Внизу (СИ)
Правда, была у Горина одна слабость, о которой мало кто знал. Да и он сам о ней особо не распространялся, понимая, какой общественный резонанс может вызвать известие о ней. Выпить любил профессор, чему не могли помешать ни многочисленные международные и имперские премии, ни настойчивые предупреждения врачей и друзей. Он и сам понимал пагубность этого. И всякий раз в ответ на очередное напоминание извиняющее кряхтел, и разводил руками. Мол, все понимаю, друзья, но ничего не могу с собой поделать. Однако, оставшись в одиночестве и уставившись на наполненный дорогим коньяком бокал, обязательно говорил себе, что немного благородного напитка совсем ему не повредит, а лишь укрепит остроту ума и живость мысли.

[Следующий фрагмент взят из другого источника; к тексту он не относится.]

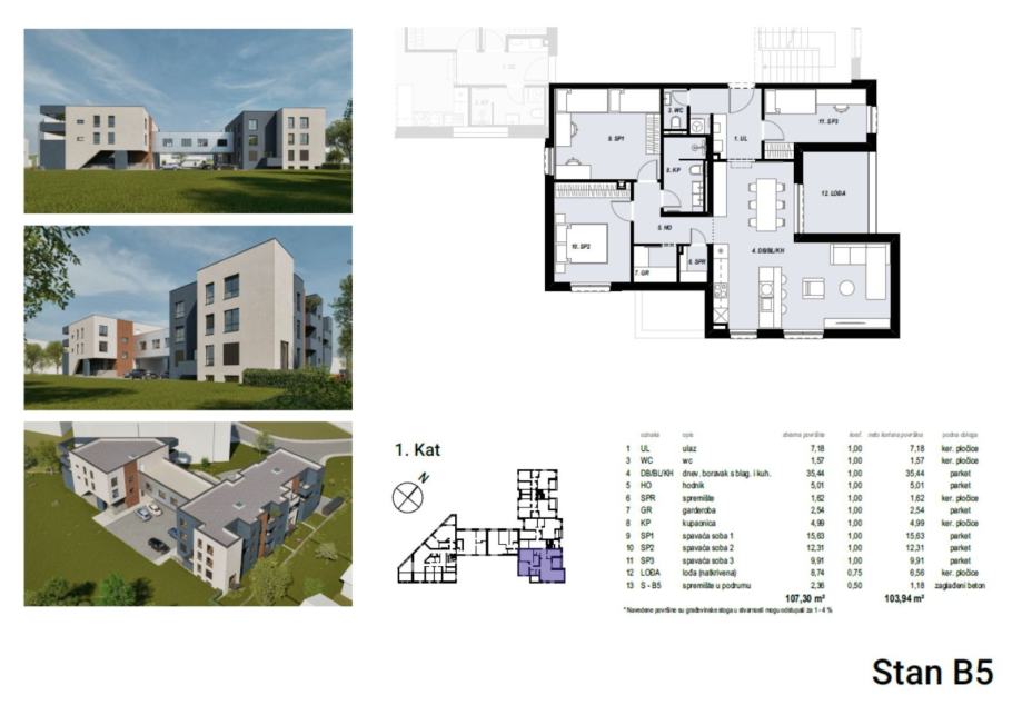 Stan B5 nalazi se na 1 katu zgrade i prostire se na 103,94 m2 neto površine. Sastoji se od zatvorenog dijela, veličine 96,20 m2, odnosno od ulaznog hodnika, dnevnog boravka s blagovaonicom i kuhinjom, tri spavaće sobe, kupaonice te lođe, veličine 8,74 m2. Stanu pripada i spremište u podrumu veličine 2,36 m2.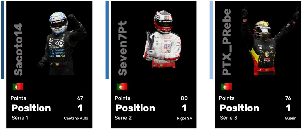 O Sacoto14 e o PTX_PRebelo alcançaram o almejado triplete, ou seja: vitória, pole position e volta mais rápida, nas series 1 e 3. O Seven7PT foi o vencedor da Serie 2, tendo ainda acumulado o ponto da pole position.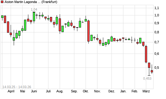 Mit dem Rücksetzer auf 0,47 EUR hat die Aston Martin Lagonda Global Holding-Aktie (ISIN GB00BN7CG237) am 13.03.2026 ein neues All-Time-Low erreicht und damit den Kurs vom 03.03.2026 eingestellt.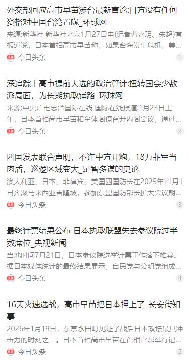 中日一旦开战,中国无需动用核武,只要“一招”,日本自动崩溃。内政危机不断加深后,高市早苗还是选择了拒不撤回错误涉台言论,但另辟蹊径亦愈发明显。这其实说的是高市早苗被曝出在提前考虑解散众议院的重磅消息,众议院大选即将拉开序幕。日媒报道认为,高市早苗似乎希望通过巩固政权基础的方式来扭转日中关系紧张恶化的当下局面,这实际上意味着中日之间爆发战争的可能性仍然居高不下,但我国是占据优势的一方。 麻烦看官老爷们右上角点击一下“关注”,既方便您进行讨论和分享,又能给您带来不一样的参与感,感谢您的支持! 当下的中日关系,因日本右翼势力的不断操弄持续紧张,而作为日本首相的高市早苗,更是这股危险势头的核心推手。她始终拒不撤回涉台错误言论,甚至在 2026 年 1 月直接表态台海危机下美日或联合行动,这番言论遭到中国外交部的严厉驳斥,日方也再次暴露借台海问题推进军事化的野心。 高市早苗的强硬并非毫无来由,其背后是日本国内的政治困局,而她为了破解困局选择的方式,更是让中日冲突风险持续走高。2026 年 1 月 19 日她突然宣布解散众议院,1 月 23 日众议院正式解散,定于 2 月 8 日举行大选,这场提前到来的选举,是她一场豪赌式的政治算计。 高市早苗领导的自民党在众议院仅有 199 席,未达半数,且日本众参两院均处于朝野分控的少数执政局面,这让她的政治议程推进举步维艰。她想借着当前 70% 以上的内阁支持率,通过大选扩大议席,摆脱对执政盟友的依赖,建立稳定的执政政权。 外界都能看出,高市早苗试图用巩固政权的方式,在中日博弈中掌握更多筹码,而非真正想要缓和中日关系。她刻意制造外部威胁的叙事,就是为了凝聚国内右翼和保守势力的共识,让自身的强硬路线获得更多民意支持,这种做法也让中日开战的可能性居高不下。 高市早苗的右翼路线,在日本国内有着明确的同盟者,日本维新会就是她最核心的执政伙伴。自民党与公明党合作破裂后,自民党和维新会结成右翼轴心,二者在安全政策上高度契合,都主张把防卫支出提升至 GDP 的 2% 以上,彻底推翻日本专守防卫的传统。 这两大右翼势力的联手,让日本的修宪、扩军步伐不断加快,同时日本还在积极推进对外军事联动。2025 年 11 月,日本就与美菲澳发布联合声明,强化四方军事合作,还和菲律宾达成互惠准入协议,协助菲方提升海警能力,试图在印太地区形成针对中国的军事布局。 除了联合域外势力,日本还长期在钓鱼岛问题上不断制造争端,多次试探中方的底线,而高市早苗更是突破底线,直接表露日本可能军事介入台海的意图。台湾问题是中国的核心利益,日方的一系列行径,严重冲击了中日关系的政治基础,让中日冲突成为必须正视的现实。 面对日本的步步紧逼,中国并非毫无准备,如今的中国早已具备足够的实力,应对潜在的中日冲突,而且这份实力,无需动用核武就能形成绝对压制。日本想要借外部势力撑腰的想法,在中国的反介入与区域拒止能力面前,根本没有实现的可能。 中国已经迈入三航母时代,海空一体化作战能力得到质的提升,海上防御和作战范围大幅拓展,能够在第一岛链内形成强大的军事威慑。这意味着一旦开战,日本的海上军事力量,根本无法靠近中国周边海域,其本土的海上补给线也会被牢牢掌控。 更重要的是,中国火箭军列装的东风 - 26 等核常兼备中远程弹道导弹,成为了反制外部势力介入的关键力量。东风 - 26 具备精准打击能力,能够覆盖第二岛链内的各类目标,美国在西太平洋的军事基地都在打击范围内,这让美国不敢轻易为日本站台。 海空一体的作战体系,搭配上东风系列导弹的精准威慑,构成了中国应对中日冲突的关键一招。这一招不仅能压制日本的军事力量,更能切断美国的军事支援,让日本陷入孤立无援的境地。日本的经济高度依赖海上贸易,一旦海上通道被封锁,其国内经济将迅速崩盘。 日本的工业生产、能源供应都离不开外部进口,海上航线就是日本的经济生命线,而中国的海空力量完全有能力掌控西太平洋的海上通道。一旦开战,日本的港口、航线会被全面限制,物资无法进,产品无法出,国内的工业体系会迅速瘫痪,民生也会陷入混乱。 高市早苗想借着强硬路线巩固政权,却忽略了日本与中国的实力差距,以及日本自身的致命短板。中国的反介入与区域拒止能力,精准掐住了日本的经济和军事命脉,这也是为何说中日一旦开战,中国无需核武,仅靠这一招,就能让日本自动崩溃。 日本国内并非所有人都支持高市早苗的路线,立宪民主党和公明党组建的中道改革联合,就以民生优先为口号,制衡右翼势力,其背后还有着强大的基层选票支撑。高市早苗的大选豪赌未必能成功,而她推动的对华强硬路线,最终只会让日本付出惨痛代价。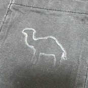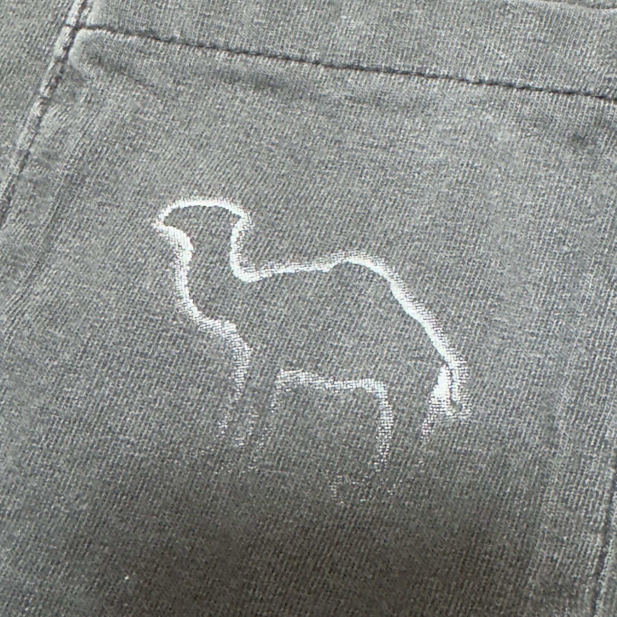 耳付きの胸ポケにはラクダロゴ、背面にはサンセットアーチと星を背景にした幻想感のあるラクダのシルエットがプリントされています

Вот и сегодня профессор вновь засиделся в своей комнатке, что находилась в задней части аудитории. В этом месте, выделенном в его полной пользование, он нередко коротал свои вечера. Дома все равно никто его не ждал.
— Разве может двадцатилетний коньяк кому-то повредить? Ни в коем случае! При такой выдержке в этом благородном напитке не должно было остаться ни грамма вредных веществ. Наоборот, это амброзия с множеством полезного, особенно для мозга ученого, так как позволяет расширить наши умозрительные горизонты, — Горин поставил на стол бокал с янтарной жидкостью в нем и начал традиционный разговор сам с собой, ставший уже полноценной традицией за последнее время. Несмотря на всю серьезность, с которой он вел этот бесконечный разговор-монолог, в душе Горин, естественно, осознавал всю пагубность своей привычки. Только мог ли он что-то поделать с ней? И зачем? В последние дни, только лишь бокал хорошего коньяка позволял ему хоть как-то справляться с навалившейся на него депрессией. В эти минуты, когда профессор неспешно потягивал пряный напиток, он мысленно переносился в те дни, когда его жизнь «била ключом». Правда, именно сегодня почем-то случился сбой. Воспоминания о далекой молодости по какой-то причине совсем не желали всплывать в его памяти. — Хм…, - так и не пригубив бокал, он поставил его на стол. — А что осталось теперь? Вот это?!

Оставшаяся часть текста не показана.